Hi,

I am trying to limit the step size of an optimization variable between optimization steps for a nonlinear constrained optimization problem using JuMP and Ipopt.

In case this goal or the motivation behind it is unclear, here is some background information to clarify: I’m trying to solve for currents I1, I2, …, I18 that minimize their squared sum under certain constraints, in order to minimize power consumption for a medical imaging modality. However, I can’t allow for these currents to change too drastically within a fixed amount of time, as this results in excess heat which can damage human tissue. As such, I need to limit the slew rate, i.e., the change in current per second, which equates to limiting the step size of my optimization variables.

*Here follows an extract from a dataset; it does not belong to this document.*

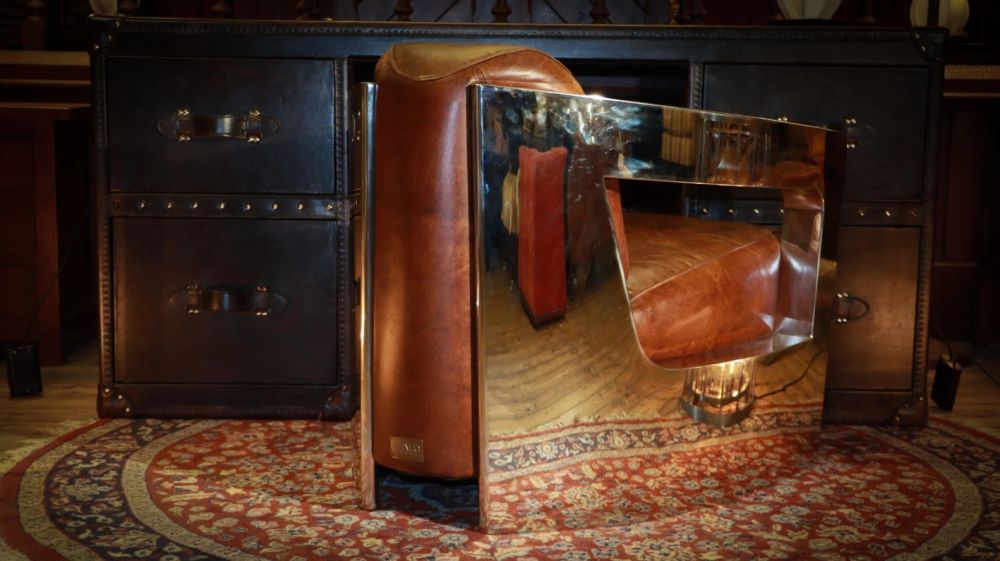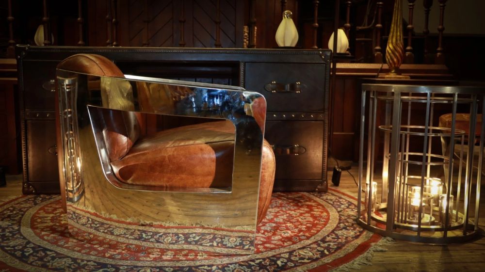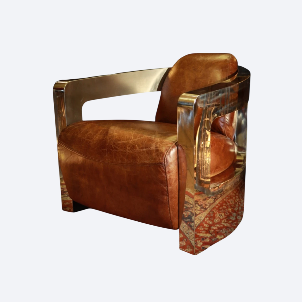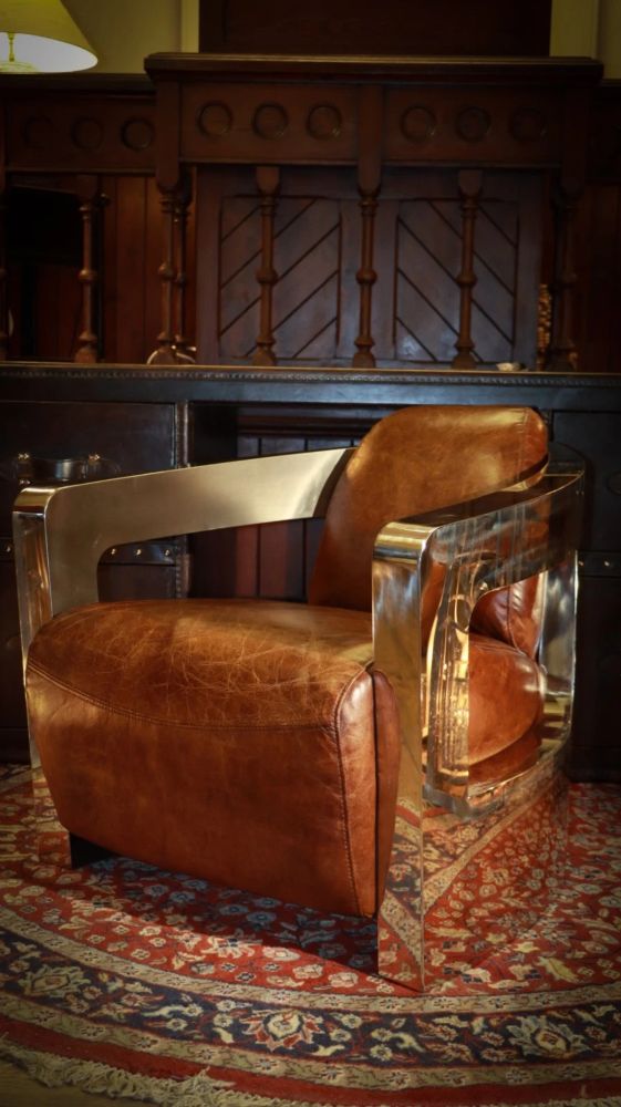 Up for grabs here is a stunning pair of armchairs by Timothy Oulton Halo in Chromed Steel and Leather the larger chair have beautiful leather and riveted aluminium back.
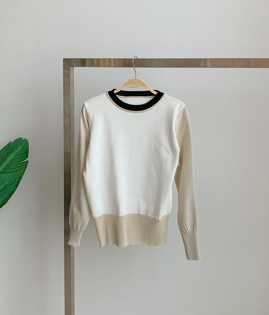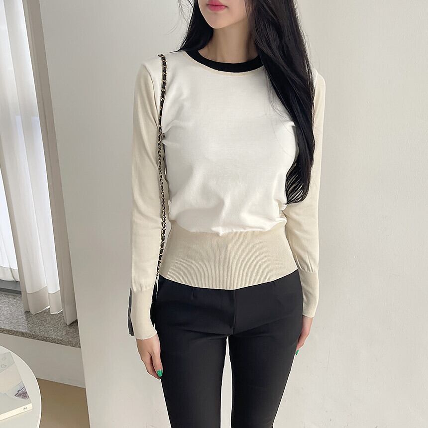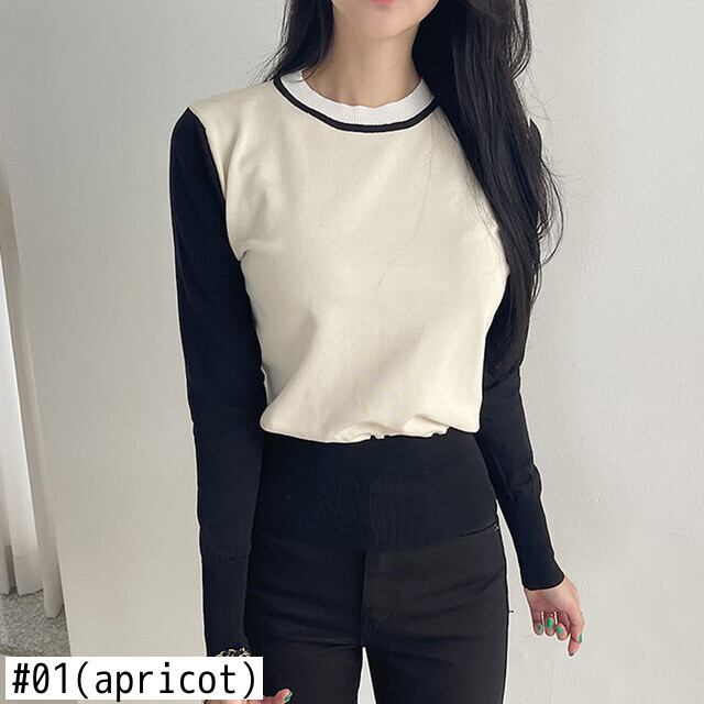 秋冬服スタイルコントラストカラーニットクロップトップススリム長袖 O ネックプルオーバーセーター ロング オータム 秋物 ウィンター 冬物 Oネック

Somehow, I haven’t found any solution for this issue. Ideally, what I would like to do most is simply set an attribute of my optimizer for the step size as follows:

```
using JuMP, Ipopt
optimizer = Model(Ipopt.Optimizer)
set_attribute(optimizer, "max_step_size", 0.1)
```

However, I can’t find such an option in the list of Ipopt options.

Another approach could involve defining my optimization variables as time-series variables and adding a constraint on the difference between any two successive values. However, what I’m dealing with is categorically not a time-series optimization problem. I am not trying to optimize the trajectory of my currents, only their minimal squared sum under the given constraints.

A final approach which seemed feasible involves using a global variable defining the previous values of each optimization variable and applying a constraint on the differences between these values and the latest values. The global variable for previous values could be iteratively updated during each optimization step via a callback. However, I neither found a way to access the values of my optimization variables through Ipopt callbacks, nor do I find this approach particularly promising, since the optimizer doesn’t have prior information regarding this constraint, effectively making the size of each optimization step a shot in the dark.

I would appreciate any relevant references I may have missed or help of any kind.